**Directions:** What is wanted is the full listing, word for word, without its pictures.

**Given data:**
════════════════════

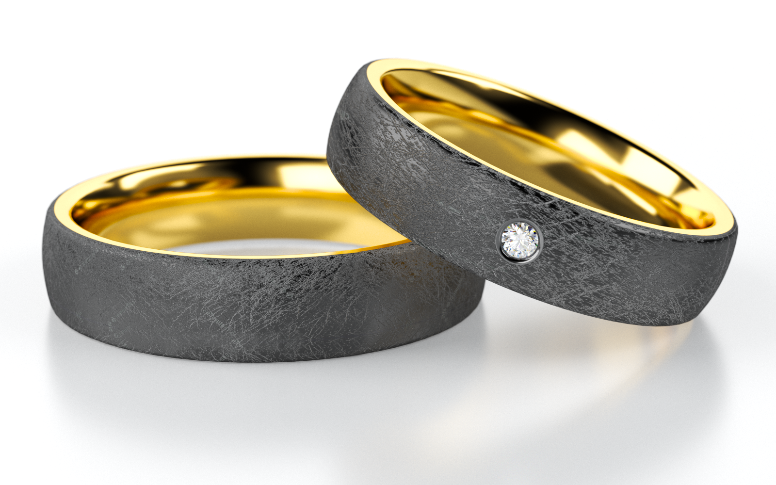 Die markant mattierte Oberfläche des Tantals zeigt feine Linien und ein leicht raues Muster, das den Ringen eine natürliche, charaktervolle Note verleiht. Im Inneren sorgt das hochglanzpolierte Gelbgold für ein edles Strahlen und einen spannenden Farbkontrast. Der Damenring wird durch einen dezent gefassten Diamanten ergänzt, der sich harmonisch in das Tantal einfügt und einen funkelnden Akzent setzt. Diese Kombination aus strukturiertem Anthrazit, warmem Gold und feinem Brillantbesatz verleiht TA11 eine exklusive, moderne Ausstrahlung.
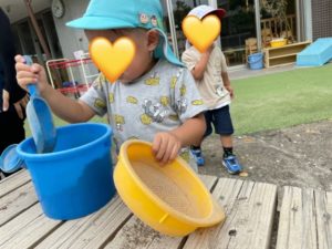 園庭で遊びました。
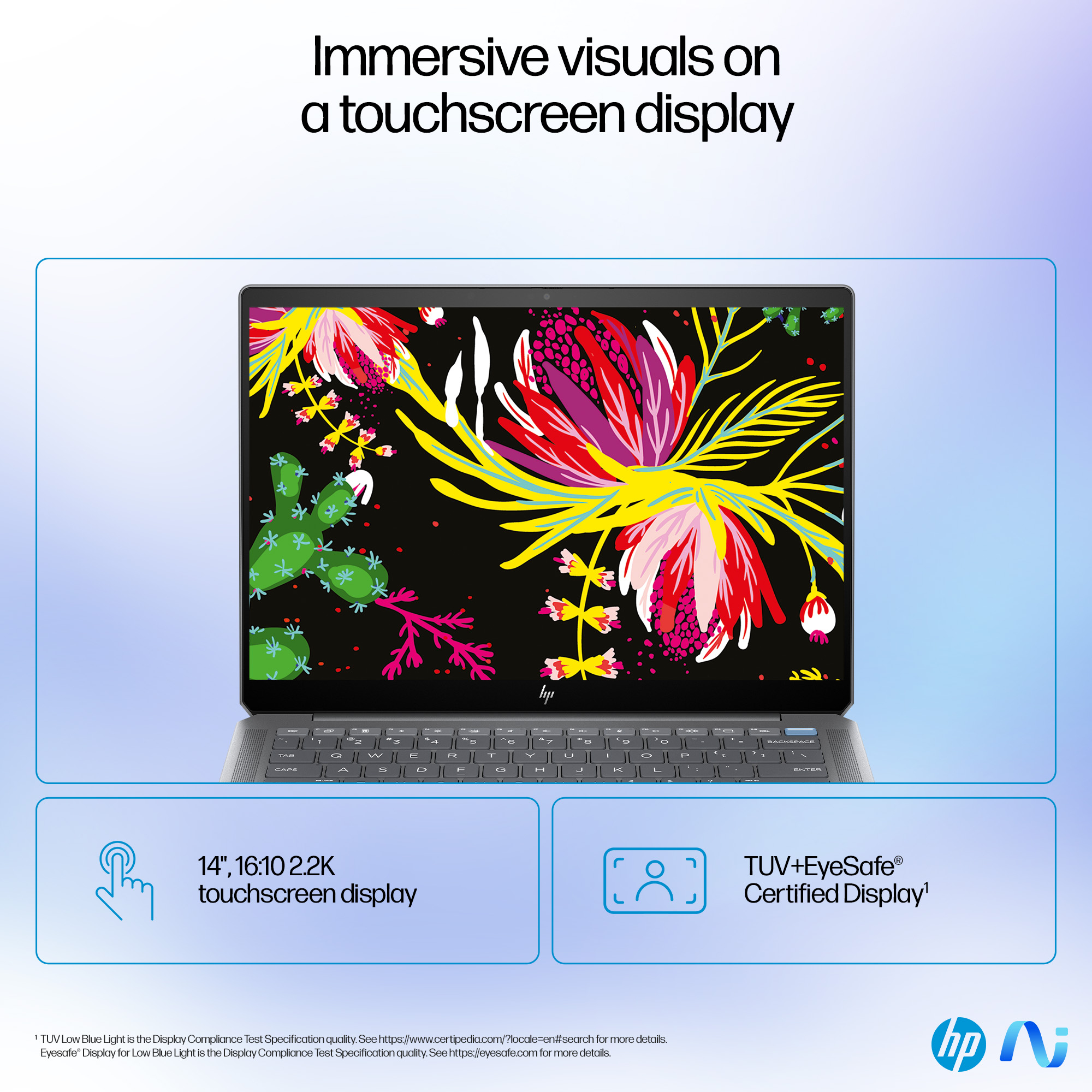 14 inch Eyesafe® Certified Display with a 16:10 aspect ratio for creating and editing content, and intuitive touchscreen technology to control your PC directly.[11]

════════════════════

**Reply:**
 Die markant mattierte Oberfläche des Tantals zeigt feine Linien und ein leicht raues Muster, das den Ringen eine natürliche, charaktervolle Note verleiht. Im Inneren sorgt das hochglanzpolierte Gelbgold für ein edles Strahlen und einen spannenden Farbkontrast. Der Damenring wird durch einen dezent gefassten Diamanten ergänzt, der sich harmonisch in das Tantal einfügt und einen funkelnden Akzent setzt. Diese Kombination aus strukturiertem Anthrazit, warmem Gold und feinem Brillantbesatz verleiht TA11 eine exklusive, moderne Ausstrahlung.
 園庭で遊びました。
 14 inch Eyesafe® Certified Display with a 16:10 aspect ratio for creating and editing content, and intuitive touchscreen technology to control your PC directly.[11]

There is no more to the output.